I'd say you should re-examine how you're keeping her living environment. This is the second hibernation attempt for her that you've posted about, the first being in November, which makes that two hibernation attempts in a three month span--and if it's cold enough for her to do it twice and you're talking about it like it's no big deal that it happened a week ago, how many times has it happened that you haven't posted about? You HAVE to keep her environment 73 degrees or above, or you're going to keep running into this problem. Each time it happens it weakens her immune system and makes her more susceptible to becoming sick. 
I would recommend a vet visit because the repeated hibernation attempts have probably weakened her immune system to the point that she's caught something and isn't feeling very well.

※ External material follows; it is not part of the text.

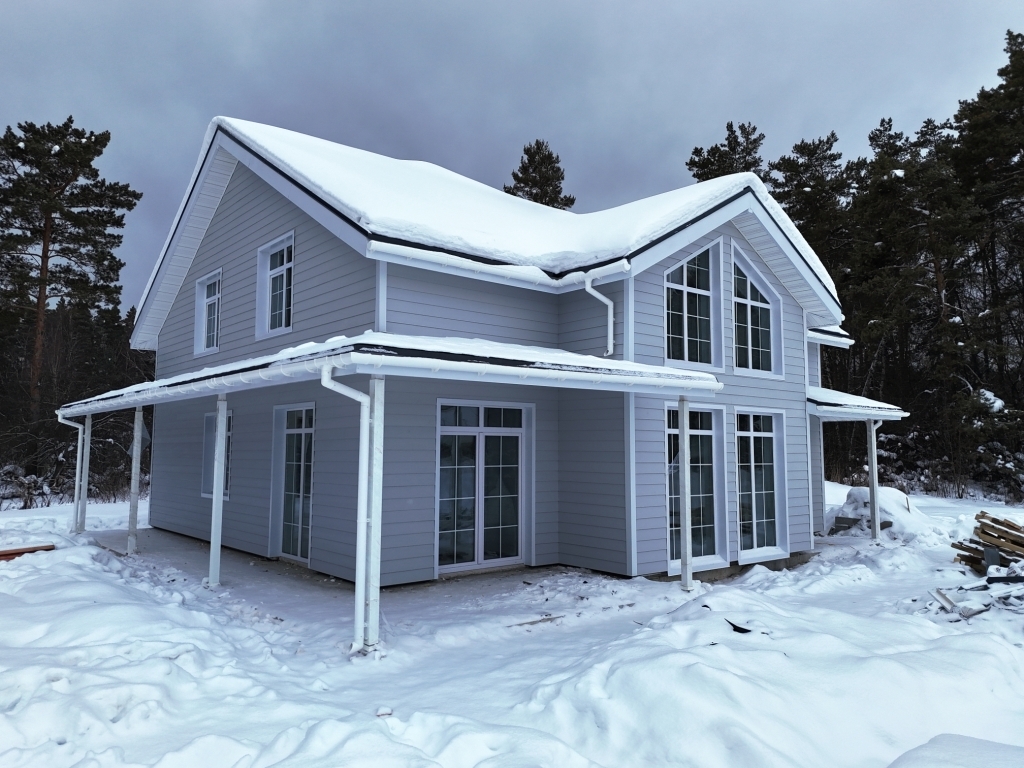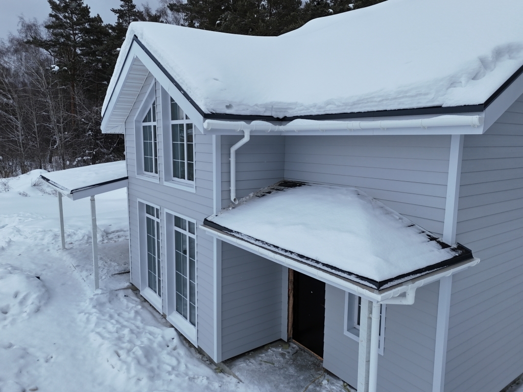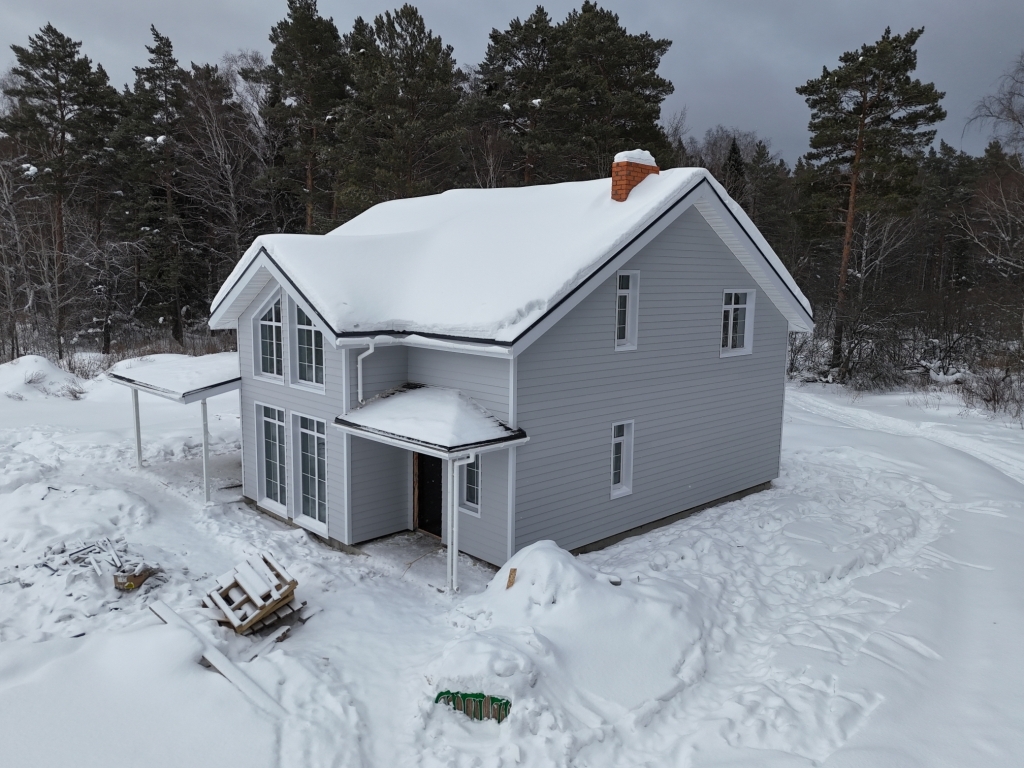 г.Тюмень Работы: 1. Стены дома были утеплены пенопластом. Сделали прорези в пенопласте, установили подвесы и запенили. 2. Фасад обшили металлическим сайдингом корабельная доска белого цвета ral 9003 3. Карнизы подшили этим же металлосайдингом. 4. Газовую трубу, идущую по стене, обошли гибочными изделиями из металла, и оставили её открытой.

She's not quilling because you said she's two years old in the previous post, so that's not why she's grumpy. Even if she's not sick and she's just grumpy, her grumpiness is trying to tell you something: keep the temperature at a good level for her! You're jeopardizing her life every time you let that temperature get below 72 degrees Fahrenheit.


----------



## pammie (Aug 31, 2008)

well, as you said this is the second time this has happened...ONLY the second time. i know thats not good it shouldnt happen even once, but after the first time i made changes to her enviroment keeping the heat a lot higher and leaving the heat mat on at all times (not across her whole cage only part so she can cool if she needs to). she seems back to herself now and im hoping she will stay that way but i would love if u had some suggestions on how to stop it happening again. i am making sure there is enough light in the room during the day and as i mentioned am keeping the temp higher. i bought a ceramic heat emitter but she has a solid cage rather than a wire one so i think it may get too hot if i put that in. let me know any sugestions as im out of ideas and as you say i cant have this happen again.


----------



## dorasdaddy (Dec 23, 2008)

as long as you have the emitter hooked up to an adjustable thermostat it cant get to hot in her cage....the thermostat works like a regular thermostat for your house, turn on below a certain temp then turns back off once that temp is achieved. What kind of cage is she in? do you have plenty of holes drilled in the sides for proper ventilation?


----------